● EXERCISE: Within the listing below, locate all lines containing the word "esemplari". Copy each one.
======== SOURCE RECORDS
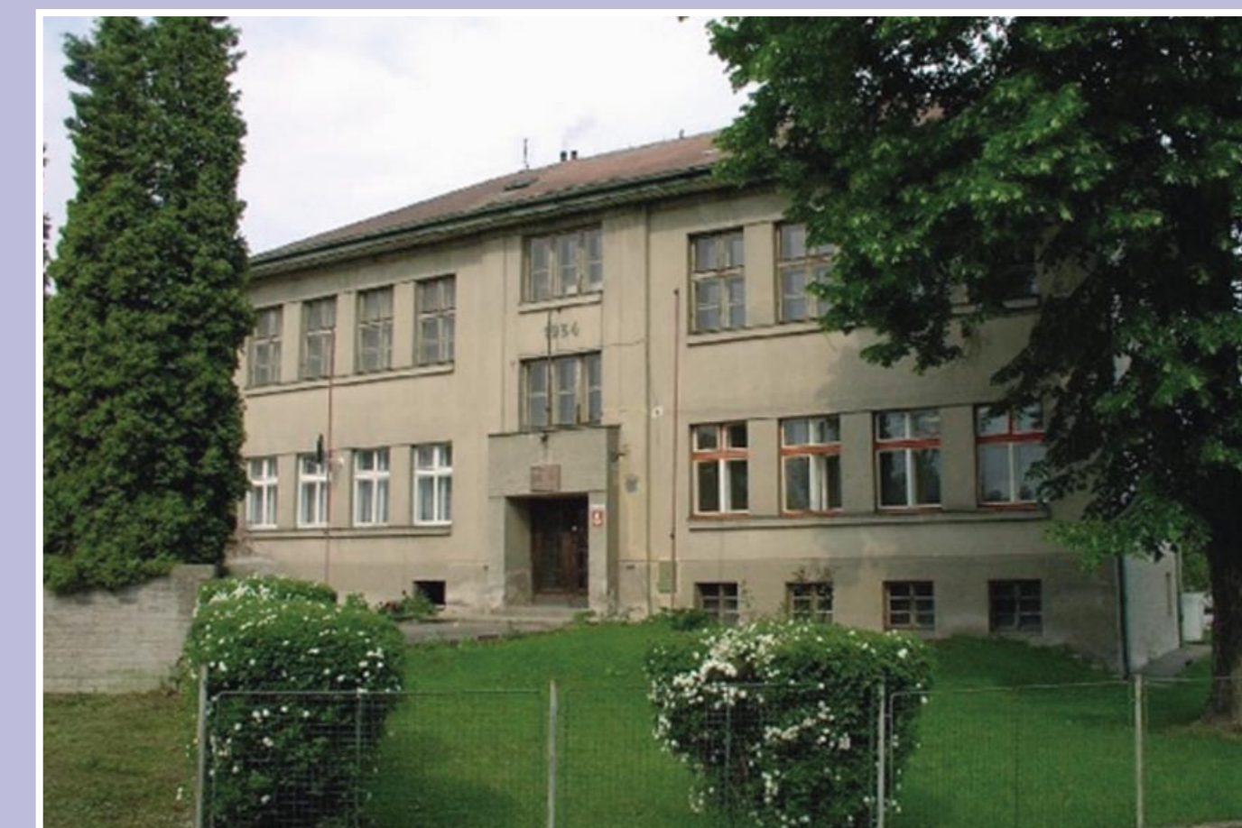
Budova bývalé české školy. Pamětní tabule nad vchodem připomíná posledního řídícího učitele pana Vratislava
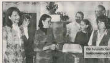
Die hiesigen Mitarbeiter im Haldenwanger Rathaus.
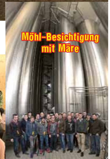
Möhl-Besichtigung mit Märe
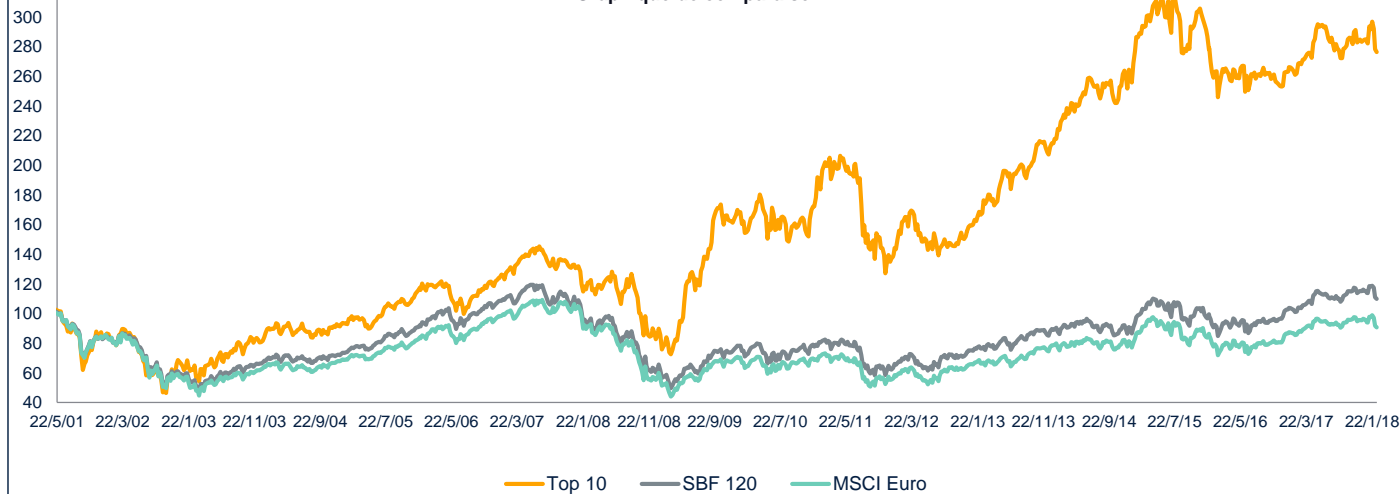
Graphique de comparaison

** date de création mandat Top 10 : juillet 2009
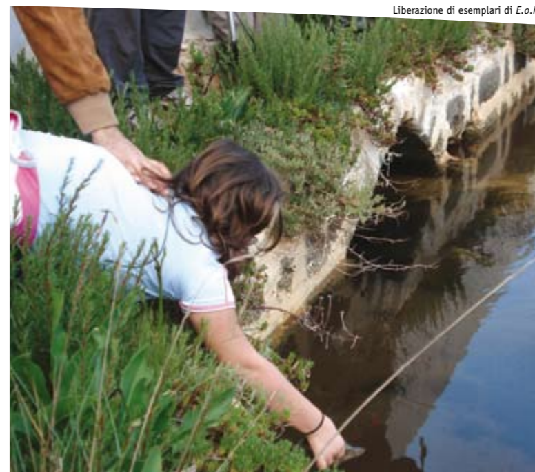
Liberazione di esemplari di E.o.h.

Dapprima è stato effettuato uno studio ecologico dell'area designata per valutare la sua idoneità al ripopolamento e per stabilire la presenza di esemplari di testuggine palustre europea in natura.
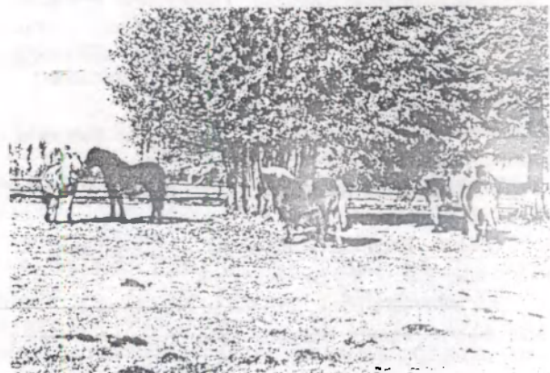
Коні спадара Мікалая Васілюка
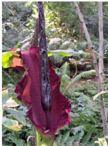
Natuur en Tuin

Heb je belangstelling neem dan voor 15 januari contact op met Martien Vossen (06 25081369) of mail naar info@midden-groningen.groei.nl .
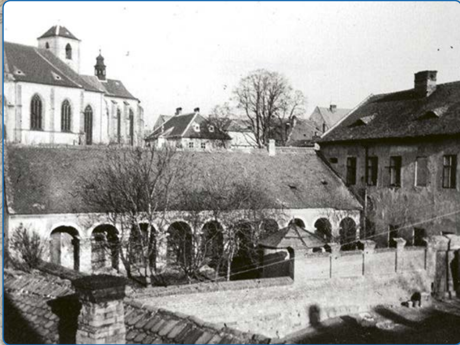
Židovské lázně v ulici U Koupadel
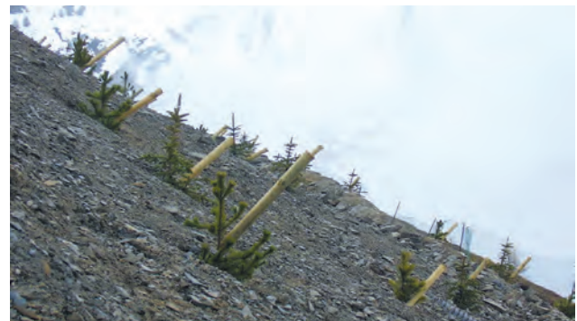
Plantation de végétaux suite au recalibrage d'une piste de ski pour la station de Valloire. Ce site présente une forte exigence paysagère du fait de l'accueil de touristes été comme hiver. L'environnement y est hostile de par la nature du sol mais aussi l'altitude. Il est important pour l'ONF d'avoir des végétaux adaptés à l'altitude de part le choix des essences PICEA pungens et PINUS cembra, mais aussi par l'acclimatation des végétaux. Sur ce site ont été plantés des végétaux en conteneur, cultivés aux Pépinières ROBIN sur le Site de Saint Laurent du Cros (05500), c'est à 1050m d'altitude. Le taux de reprise est proche de 100%. ONF Valloire – M. LOPEZ.
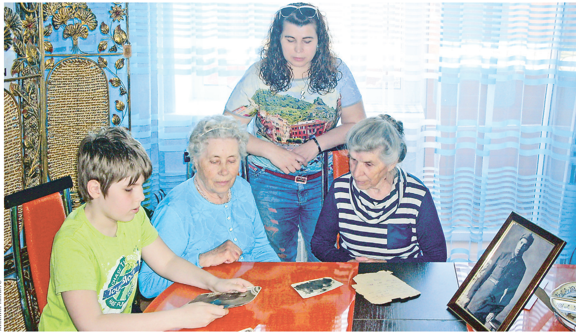
Правнук погибшего бойца Слава хотел бы узнать о прадеде больше.

Ну а дальше про то, как проехали через всю страну — в город Унеча. И что расскажет все через пять месяцев.
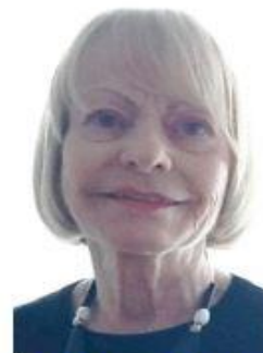
Agrandir la photo
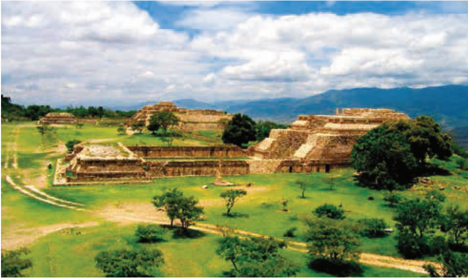
Ciudad prehispánica de Monte Albán.
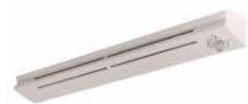
Entrada de aire higrorregulable EHL

La EHL es una entrada de aire higrorregulable ideal para las necesidades acústicas.
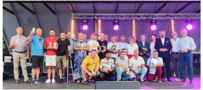
Święto Karpia Polskiego w Kaniowie

pikniki, zawody, festyny. Dobrze układa się współpraca z Powiatowym Ogniskiem Pracy Pozaszkolnej Art. Do wiodących mecenasów kultury należą parafie katolickie; tutaj w pierwszym rzędzie trzeba wymienić kościół Wniebowzięcia NMP w Bestwinie z renesansowymi malowidłami, epitafium Myszkowskich i dzwonem Król Chwały – jest to zabytek na skalę ogólnopolską, odwiedzany przez turystów i opisywany w różnorodnych publikacjach. Dbałość o zabytki w gminie Bestwina uwidacznia się także poprzez odnawianie figur i kapliczek przydrożnych (św. Jan Nepomucen, Archanioł Michał, Chrystus cierpiący, krzyż przy kościele w Kaniowie).
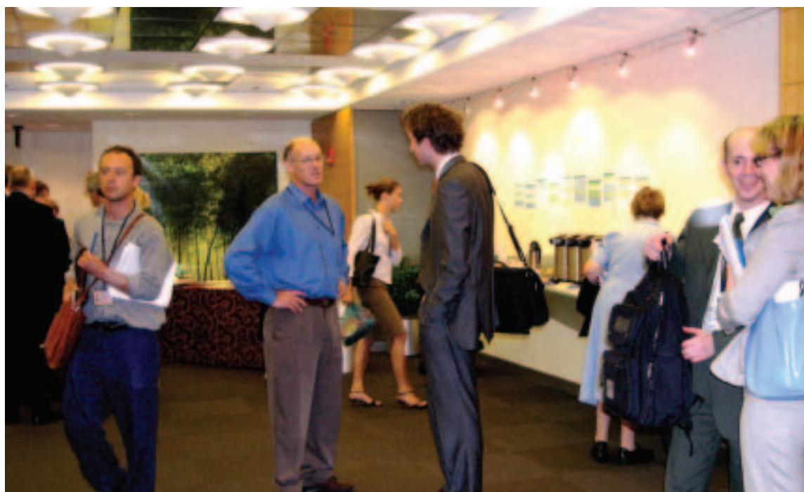
Los representantes de las OSC intercambian opiniones durante las Reuniones Anuales (septiembre de 2005, ciudad de Washington)

consultas a través de la Web (para información sobre esos procesos, véanse los Anexos I y II). Con respecto a la EAP, en un examen se señaló que se habían realizado consultas con la sociedad civil para 50 (o el 73%) de los 68 documentos de asistencia a los países aprobados en 2005 y 2006. En otro estudio se estableció que la sociedad civil había intervenido en la mayoría de las ELP, aunque el alcance y la intensidad de esta participación habían variado de un país a otro. El Banco, además, intensificó la labor que realiza a fin de promover la participación ciudadana para exigir que los gobernantes rindan cuentas de los resultados logrados. En materia de “responsabilidad social”, se respaldó el uso de prácticas de participación en el proceso presupuestario y fichas de calificación de los ciudadanos, y en varios países en desarrollo se ayudó a los gobiernos a fortalecer las condiciones propicias para la participación cívica.
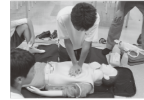
救急活動訓練の様子
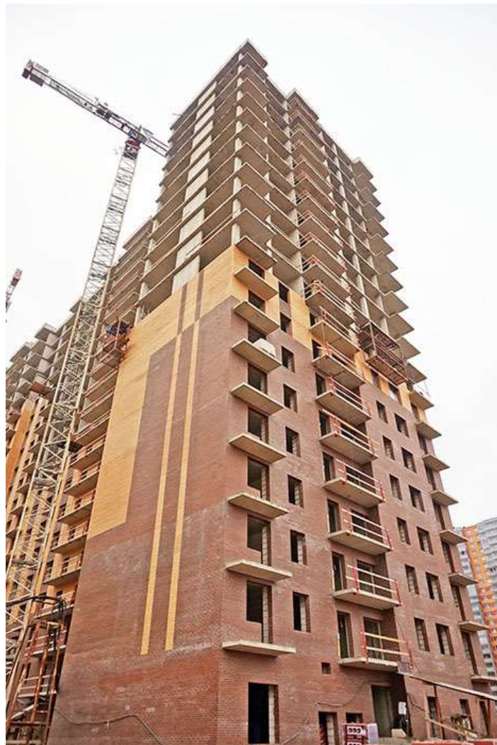
Вид на секцию 8-9 со стороны Областной ул.
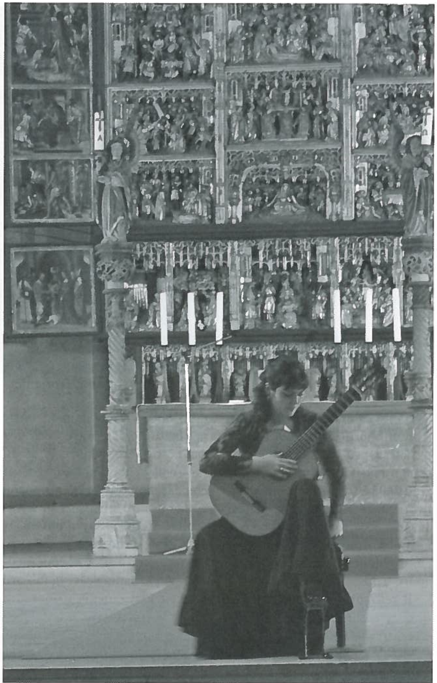
Гитарный фестиваль в Изерлоне, Германия
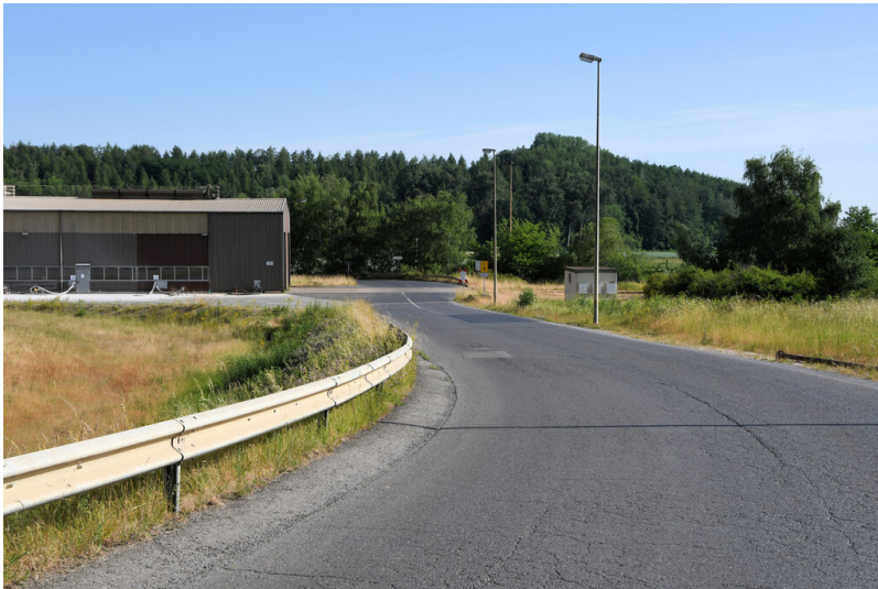
Kraftwerk Weisweiler: Am Kalkbahnhof, Ostabschnitt (im Hintergrund links der Kalkbahnhof), Ansicht von Süden
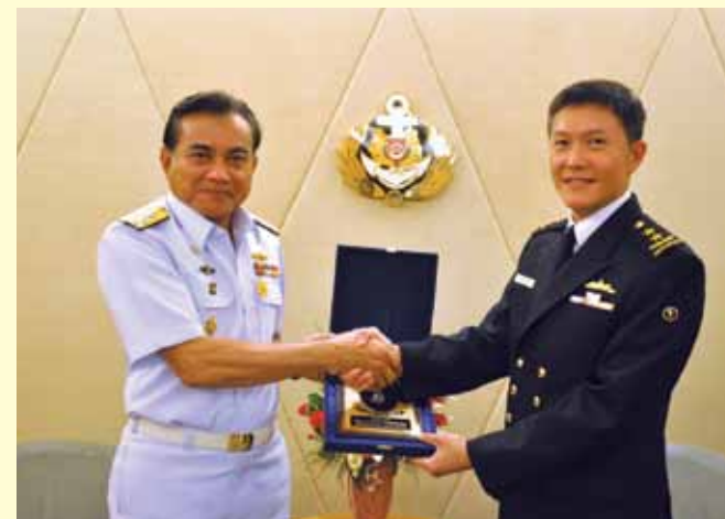
• เยี่ยมคำนับ Dr.Ng Eng Hen รัฐมนตรีว่าการกระทรวงกลาโหมสิงคโปร์
================
● RESULT OF THE TASK:
Liberazione di esemplari di E.o.h.
Dapprima è stato effettuato uno studio ecologico dell'area designata per valutare la sua idoneità al ripopolamento e per stabilire la presenza di esemplari di testuggine palustre europea in natura.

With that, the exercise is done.